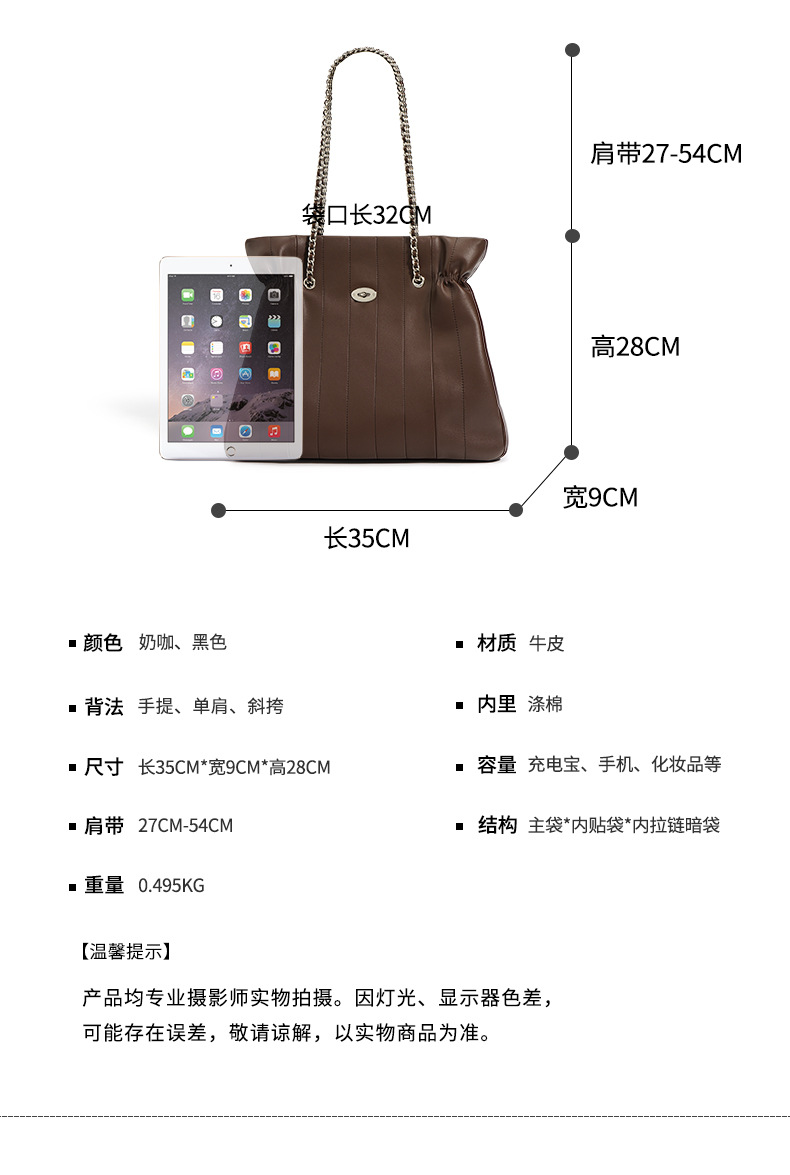 【预售3天】小众设计大容量托特包2025新款简约百搭单肩斜挎包时尚链条包M-7743A
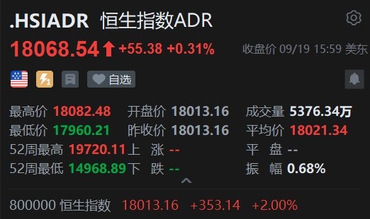 智通財經 APP 獲悉,週四美股三大指數集體大漲,恒生指數 ADR 上漲,按比例計算,收報 18068.54 點,較香港收市上漲 55.38 點或 0.31%。
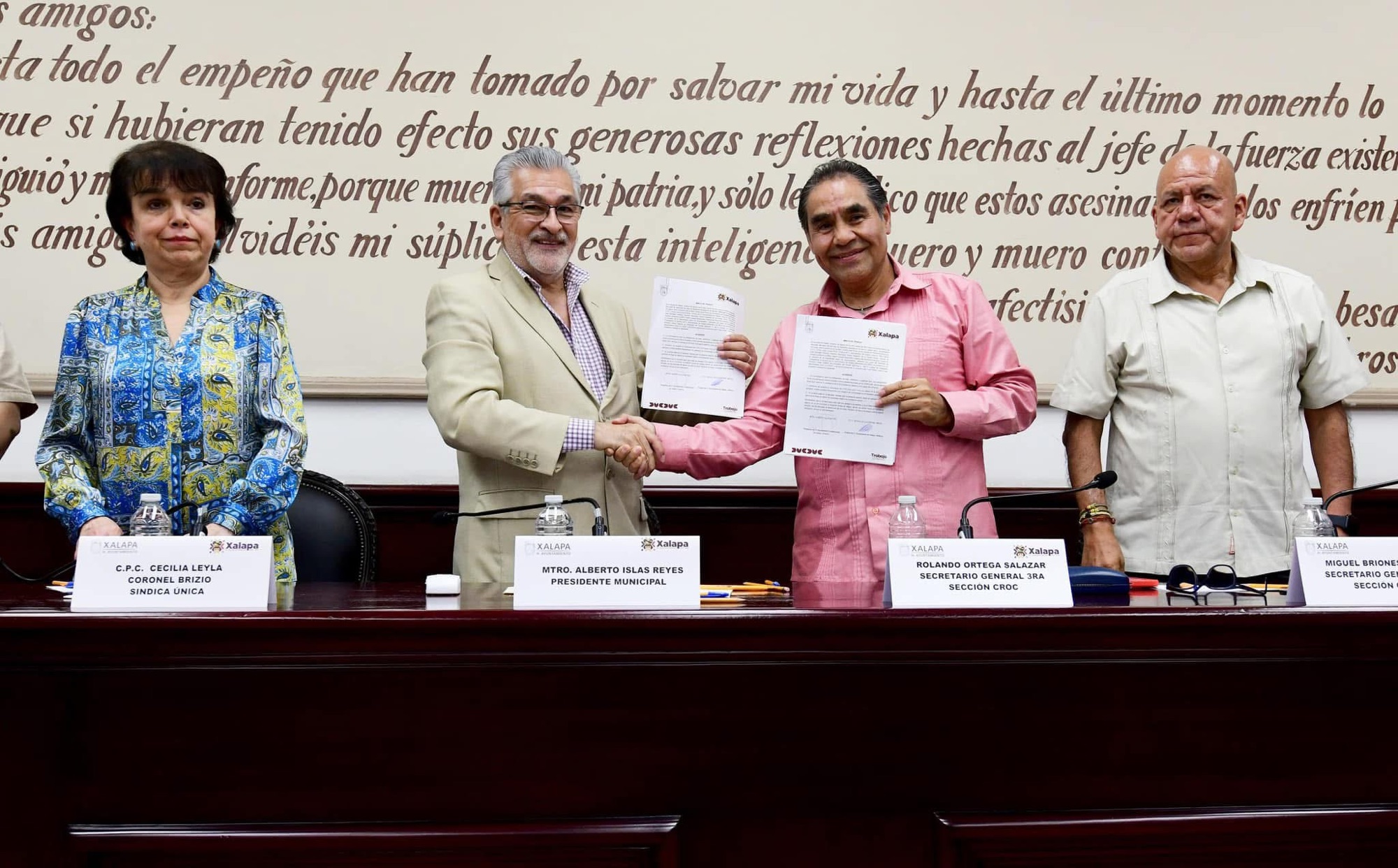 Xalapa, Ver.; 4 de marzo de 2025.- Los empleados sindicalizados son el motor del Ayuntamiento y pilar de toda la actividad municipal, por lo que se reconoce su labor, liderazgo y solidaridad con la Administración, afirmó el alcalde Alberto Islas Reyes durante la firma del convenio correspondiente a la Revisión Salarial 2025, que se realizó con el Sindicato de Trabajadores al Servicio del Ayuntamiento adherido a la CROC.
+ + + +
**PROBLEM REQUIREMENTS**
Keeping both end lines, retype exactly the lines from the first line of the material through the line that contains "智通財經 APP 獲悉,週四美股三大指數集體大漲,恒生指數", but not the pictures.

**ANSWER TO THIS TASK**
 【预售3天】小众设计大容量托特包2025新款简约百搭单肩斜挎包时尚链条包M-7743A
 智通財經 APP 獲悉,週四美股三大指數集體大漲,恒生指數 ADR 上漲,按比例計算,收報 18068.54 點,較香港收市上漲 55.38 點或 0.31%。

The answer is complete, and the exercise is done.